Add buses for data and control inputs to EXMEMReg
Use "Add Stubs" to generate buses for the rest of the ports.

Part D: Memory (MEM) Stage

The memory stage provides the address and data for writing to memory or reading from memory. It sends the value read from memory and the address (ALUOut) on to the WB stage. The file piperegisters.v contains an incomplete MEMWBReg module. First there are some bookkeeping tasks.

Update the output ports that interact with memory to use the values from the EXMEMReg.
Rename to ports that take inputs from Memory to reflect that they occur in this stage.

Once these things are complete its time to finalize the MEMWBReg from piperegisters.v. You need to add ports and logic for the control signals that get passed through the EX stage for use in the WB stage.

Complete the definition of MEMWBReg and compile piperegisters.v.
Return to cpu.bde and use the Symbols Toolbox to add an instance of MEMWBReg
Set the name to MEMWBReg ESSENTIAL!!
Add buses for data and control inputs to MEMWBReg
Use "Add Stubs" to generate buses for the rest of the ports.

Part E: Write-Back (WB) Stage

This stage basically just separates the memory access time from the update to the register file. At this point, all the pipeline registers are in place, and the last task is to rename some signals to ensure that the proper data is being used.

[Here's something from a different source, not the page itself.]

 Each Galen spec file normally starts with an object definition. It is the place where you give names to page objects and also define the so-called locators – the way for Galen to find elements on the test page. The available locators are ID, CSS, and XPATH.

Change the Regfile control signals to reflect their source in the WB stage.
Correct the sources of the mux that determines the WriteData input to the Regfile

Complete the definition of MEMWBReg and compile piperegisters.v.
Return to cpu.bde and use the Symbols Toolbox to add an instance of MEMWBReg
Set the name to MEMWBReg ESSENTIAL!!
Add buses for data and control inputs to MEMWBReg
Use "Add Stubs" to generate buses for the rest of the ports.

Part F: Testing

The cpu.bde has a fairly limited number of input and output ports. To make the test fixtures more effective there is a file cpu_wrapper.v that "peeks" inside the CPU and exposes a wide range of signals for the test fixtures.

Test the updated cpu.bde with test fixture phase1_tf.v. This test fixture runs through the all of the non-control instructions, and verifies that everything is connected properly. Problems with branch or jump instructions will be addressed in the test fixture for Phase 2.

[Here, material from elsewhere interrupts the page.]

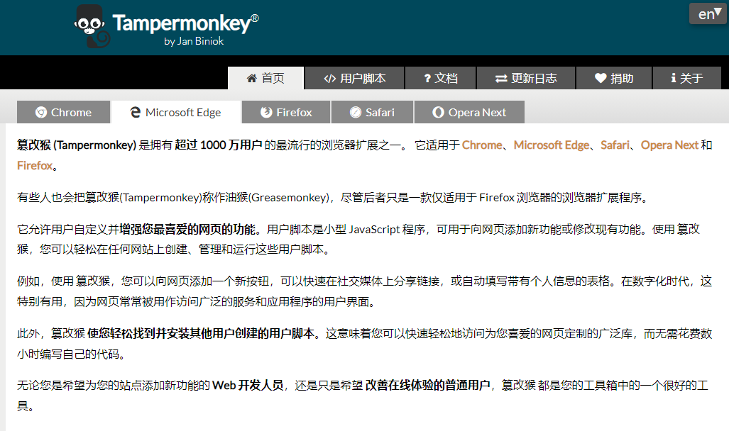 篡改猴 (Tampermonkey) 是拥有 超过 1000 万用户 的最流行的浏览器扩展之一。 它适用于 Chrome、Microsoft Edge、Safari、Opera Next 和 Firefox。

Phase 2: Branching and Delay Slots

The processor from Lab 2 decided the next PC value in every cycle based on the current instruction. Each instruction took a single cycle, so branch instructions would know the resulting PC before the next clock cycle. After pipelining, the control signals are not available until the cycle after an instruction is fetched. This causes a control hazard for branch instructions because we do not know if the branch occurs until the following instruction has been fetched.

There are different ways to deal with this problem, and the MIPS designers decided to turn the hazard into a feature by defining a delay slot. The delay slot is the instruction directly after a branch or jump, and is always executed, regardless of branch outcome. This means that no instructions are squashed on branches, because the branch result is known for the instruction after the delay slot. (See COD:3e pp 423-424 for more on delay slots)

Part A. Branch Comparisons

In the preceding labs, branch comparisons were performed by forcing a subtract in the ALU. For single-cycle machines this was an efficient reuse of logic. In a pipelined machine we want to make the branch decision in the ID stage, so we need the result of the comparison in the ID stage.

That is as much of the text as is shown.